Data:
--- START ---
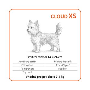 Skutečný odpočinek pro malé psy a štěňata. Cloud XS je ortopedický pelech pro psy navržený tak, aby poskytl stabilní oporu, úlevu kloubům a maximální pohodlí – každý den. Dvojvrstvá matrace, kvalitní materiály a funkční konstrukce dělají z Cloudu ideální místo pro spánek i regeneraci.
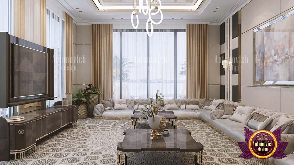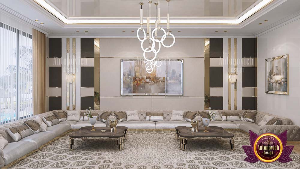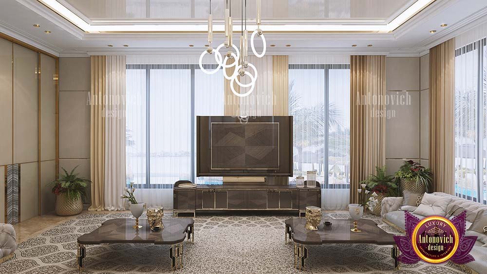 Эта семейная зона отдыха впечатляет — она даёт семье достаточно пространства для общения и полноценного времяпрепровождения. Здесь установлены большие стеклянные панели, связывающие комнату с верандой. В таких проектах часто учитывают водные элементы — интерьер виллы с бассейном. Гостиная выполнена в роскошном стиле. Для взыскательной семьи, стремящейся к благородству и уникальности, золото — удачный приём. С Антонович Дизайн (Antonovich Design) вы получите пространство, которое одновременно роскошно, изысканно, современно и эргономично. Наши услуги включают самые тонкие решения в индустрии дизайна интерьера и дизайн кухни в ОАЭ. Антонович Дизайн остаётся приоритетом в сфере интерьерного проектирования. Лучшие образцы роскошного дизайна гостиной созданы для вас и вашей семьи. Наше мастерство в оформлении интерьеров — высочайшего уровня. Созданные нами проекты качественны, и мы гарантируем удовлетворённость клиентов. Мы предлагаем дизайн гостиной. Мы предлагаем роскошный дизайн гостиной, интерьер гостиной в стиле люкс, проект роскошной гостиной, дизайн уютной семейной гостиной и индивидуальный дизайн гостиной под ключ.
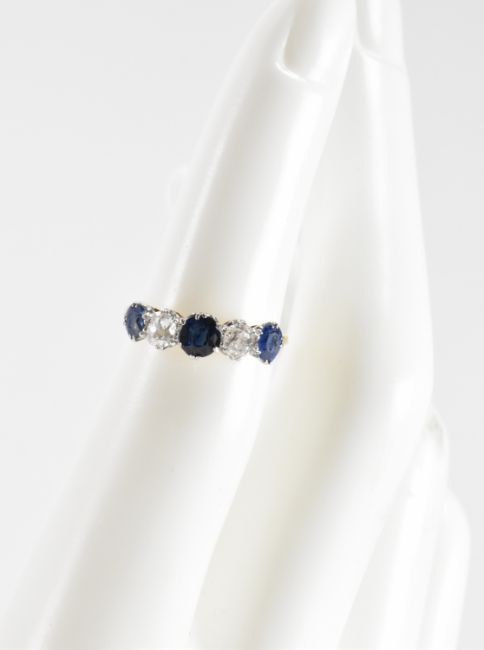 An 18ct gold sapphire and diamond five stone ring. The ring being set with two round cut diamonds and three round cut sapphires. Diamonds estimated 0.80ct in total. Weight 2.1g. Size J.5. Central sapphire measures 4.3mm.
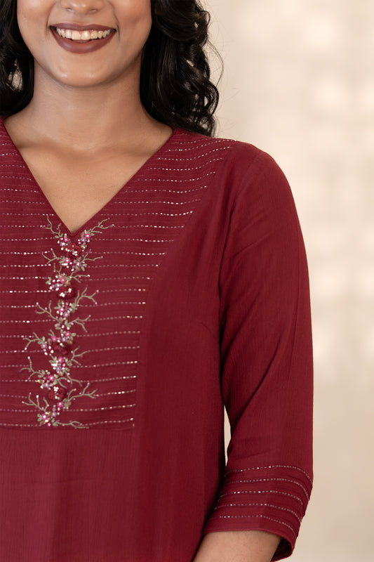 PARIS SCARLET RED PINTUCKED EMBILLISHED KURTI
--- END ---
--- START ---
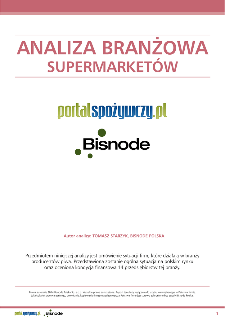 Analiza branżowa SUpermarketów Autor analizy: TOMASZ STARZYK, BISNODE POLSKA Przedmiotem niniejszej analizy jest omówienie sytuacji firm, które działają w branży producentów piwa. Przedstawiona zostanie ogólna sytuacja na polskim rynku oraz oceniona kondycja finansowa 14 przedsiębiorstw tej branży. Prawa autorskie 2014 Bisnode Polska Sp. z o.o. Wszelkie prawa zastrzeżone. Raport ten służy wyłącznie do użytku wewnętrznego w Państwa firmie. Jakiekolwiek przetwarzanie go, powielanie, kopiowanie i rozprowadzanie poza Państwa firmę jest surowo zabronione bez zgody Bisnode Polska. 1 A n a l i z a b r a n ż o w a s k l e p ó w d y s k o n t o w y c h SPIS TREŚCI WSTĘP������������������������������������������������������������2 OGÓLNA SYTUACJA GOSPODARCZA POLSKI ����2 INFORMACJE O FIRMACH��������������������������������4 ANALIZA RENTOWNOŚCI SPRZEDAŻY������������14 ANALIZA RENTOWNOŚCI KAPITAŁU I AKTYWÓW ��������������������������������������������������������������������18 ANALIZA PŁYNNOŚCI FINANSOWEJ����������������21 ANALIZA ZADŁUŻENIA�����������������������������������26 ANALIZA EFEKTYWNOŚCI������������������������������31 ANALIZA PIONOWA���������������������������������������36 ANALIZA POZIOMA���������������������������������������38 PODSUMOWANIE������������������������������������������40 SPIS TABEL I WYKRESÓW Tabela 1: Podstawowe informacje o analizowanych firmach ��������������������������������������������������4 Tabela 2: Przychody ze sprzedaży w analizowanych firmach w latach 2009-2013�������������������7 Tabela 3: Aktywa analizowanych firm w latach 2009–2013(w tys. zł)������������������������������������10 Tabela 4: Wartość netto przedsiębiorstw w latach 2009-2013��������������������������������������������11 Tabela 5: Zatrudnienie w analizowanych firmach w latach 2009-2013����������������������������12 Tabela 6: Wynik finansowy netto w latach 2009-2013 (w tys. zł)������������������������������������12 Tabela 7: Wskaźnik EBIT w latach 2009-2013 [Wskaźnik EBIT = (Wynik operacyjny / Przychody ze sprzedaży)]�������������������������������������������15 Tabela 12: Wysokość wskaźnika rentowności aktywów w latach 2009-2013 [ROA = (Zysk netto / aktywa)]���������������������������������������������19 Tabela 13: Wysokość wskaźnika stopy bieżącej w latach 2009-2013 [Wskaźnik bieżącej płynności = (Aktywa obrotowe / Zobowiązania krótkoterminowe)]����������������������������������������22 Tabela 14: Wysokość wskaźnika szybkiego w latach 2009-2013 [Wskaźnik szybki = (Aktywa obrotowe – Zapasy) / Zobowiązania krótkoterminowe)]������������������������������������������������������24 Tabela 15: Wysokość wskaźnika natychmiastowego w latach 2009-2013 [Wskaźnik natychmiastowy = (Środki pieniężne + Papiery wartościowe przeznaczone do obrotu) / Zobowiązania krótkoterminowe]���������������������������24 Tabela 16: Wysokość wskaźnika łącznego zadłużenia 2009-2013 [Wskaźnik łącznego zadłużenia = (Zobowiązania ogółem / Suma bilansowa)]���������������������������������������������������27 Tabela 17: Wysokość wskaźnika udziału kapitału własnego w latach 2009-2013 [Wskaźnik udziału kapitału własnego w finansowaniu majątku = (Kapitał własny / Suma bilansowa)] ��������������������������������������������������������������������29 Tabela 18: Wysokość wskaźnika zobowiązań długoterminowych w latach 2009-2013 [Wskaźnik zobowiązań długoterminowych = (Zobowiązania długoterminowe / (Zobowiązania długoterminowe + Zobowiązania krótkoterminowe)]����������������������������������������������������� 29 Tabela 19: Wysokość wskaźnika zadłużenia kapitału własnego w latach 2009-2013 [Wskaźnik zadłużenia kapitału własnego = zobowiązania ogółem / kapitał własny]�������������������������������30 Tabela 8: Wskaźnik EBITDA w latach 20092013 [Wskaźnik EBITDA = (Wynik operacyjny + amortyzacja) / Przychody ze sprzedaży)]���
--- END ---
Directions for this task: Pictures excluded, reproduce only the part above that opens with the line holding "An 18ct gold" and closes with the line holding "PARIS SCARLET RED", exactly as written.

Result of this task:
 An 18ct gold sapphire and diamond five stone ring. The ring being set with two round cut diamonds and three round cut sapphires. Diamonds estimated 0.80ct in total. Weight 2.1g. Size J.5. Central sapphire measures 4.3mm.
 PARIS SCARLET RED PINTUCKED EMBILLISHED KURTI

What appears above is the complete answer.